Thursday, November 8

The circularity of life.

If life seems repetitive and anticlimactic, just think of it this way: it is. I've noticed in my millennia upon this earth that nearly everything turns out to be cyclical except the bookends of birth and death, and we just don't know about those because we're inside that particular system with no outer vantage point. I can't tell you how old I feel sometimes and how old the past is, and that's just my own past, which as I've stated goes just back to the height of Rome and no further. But even if we consider, say, the last oh, 30 years of it, it still seems old enough to make dead grandparents cry in their graves. I remember thinking foggy ages ago that I'd seen it all, that the past then was practically precambrian. We repeat crushes, loves, heartbreaks, interviews, goodbye parties, seeing bands, seeing movies, seeing people cross the street. Eating. Taking your millionth shower. Driving to work on a cold morning hoping the heat begins to work soon, getting there without remembering the drive. Rinse, repeat. Repeat, recycle. Bicycles along a country lane, planes forever landing and Europeans clapping, not being able to crap, ending up drunk on someone's landing. Poems composed in confinement, comprised of refinements, disposed of by mistake. The endless process of makeovers we call upgrades to ourselves as we age. The dead, long past. It's always there and always growing. How can we move on?

7 comments:

Sara said...

I think that life appears like an endless circle of repetition, but that it's actually more like an ascending spiral. That way, all though I appear to be repeating similar experiences and life lessons, each time the circle comes around again I'm a little further up the spiral. We are learning more than we know.

Metamatician said...

Good viewpoint. I vacillate between thinking I'm doing that and I'm not learning a goddamn thing each time around the wheel.

But of course mostly, you are right. The voice of wisdom.

Anonymous said...

The only way to get out of the circle is to take a step above it!

Metamatician said...

Aha, the topologically-aware mind thinks in the fourth dimension and solves the problem! Of course, it may be a metaphor for death too, but I'll try not to think of it as that kind of stepping out.

Thesaurus Rex said...

I sometimes wonderhow many times I'm likely to yawn or draw breath or blink again in my life before I finally stop breathing and yawning and close my eyes on this world for good. They are finite yet semmingly infinite numbers of events. These are repetitions in the same way emotions and human responses to situations are repeated. The truth is that we are always moving on, because we notice that things are being repeated. When you first do something, it's either the only time you will ever do it, or you will repeat the experience. Hey, maybe you repeat things you do, not out of habit, but because you actually loved doing it the first time around.
Whatdya fink old bean?

Thesaurus Rex said...

er... 'seemingly'

Metamatician said...

Wot 'e said. Landlord, gimme anuver.

Just kidding, it's an interesting idea you've got there. Our circle become increasingly similar because we refine them sue to personal taste or experience. Doesn't really account for multiple divorces or drug habits though. Maybe our conscious choice in the matter is limited somewhat.

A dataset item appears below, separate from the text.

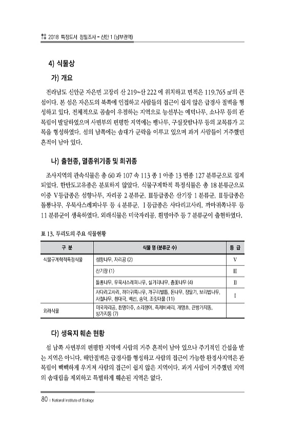 2018 특정도서 정밀조사 신안 1 남부권역 80 ? National Institute of Ecology 4 전라남도 신안군 자은면 고장리 산 219산 222 에 위치하고 면적은 119,765 ㎡의 큰 섬이다. 본 섬은 자은도의 북쪽에 인접하고 사람들의 접근이 쉽지 않은 급경사 절벽을 형 성하고 있다. 전체적으로 곰솔이 우점하는 지역으로 능선부는 예덕나무, 소나무 등의 관 목림이 발달하였으며 사면부의 편평한 지역에는 팽나무, 구실잣밤나무 등의 교목류가 고 목을 형성하였다. 섬의 남쪽에는 솜대가 군락을 이루고 있으며 과거 사람들이 거주했던 흔적이 남아 있다. , 조사지역의 관속식물은 총 60 과 107 속 113 종 1 아종 13 변종 127 분류군으로 집계 되었다. 한반도고유종은 분포하지 않았다. 식물구계...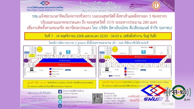 รฟม. แจ้งขยายเวลาปิดเบี่ยงจราจรชั่วคราว บนถนนสุขสวัสดิ์ ฝั่งขาเข้าและขาออก 3 ช่องจราจร บริเวณสามแยกพระประแดง ถึง ซอยสุขสวัสดิ์ 37/9 ระยะทางประมาณ 280 เมตร วันที่ 7 - 14 พฤศจิกายน 2568 เฉพาะเวลา 22.00 - 04.00 น. (สลับฝั่งทำงานวันคู่-วันคี่)

I think we do ingrain pleasant experiences into our routines and try to excise the unpleasant ones, but since out idea of cause-and-effect, especially when those two are separated temporally very much, is sometimes fuzzy, and so what we think is making a different choice this time around (I'm not gonna go out with people who just use me!) actually isn't, because users may come in lots of different forms, all of which we're attacted to (they want to use us so they have a strategy to intice us; if one fails, they move on to number two).

Kind of a cynical view of the world, but I do think it operates and the subconscious level (except in the most specious of humans) and also likely has an analog in the world of primate or animal behavior in general.

What the survival adaptation is is clear in the case of adopting good habits each time around the carousel (grab the ring), and no so clear in the case of bad habits (fall of the horse when you see Tim Curry dressed as 'IT'), but I'm sure Richard Dawkins could give us all and answer. Let's get him in here. Maybe he'll pay for the round too.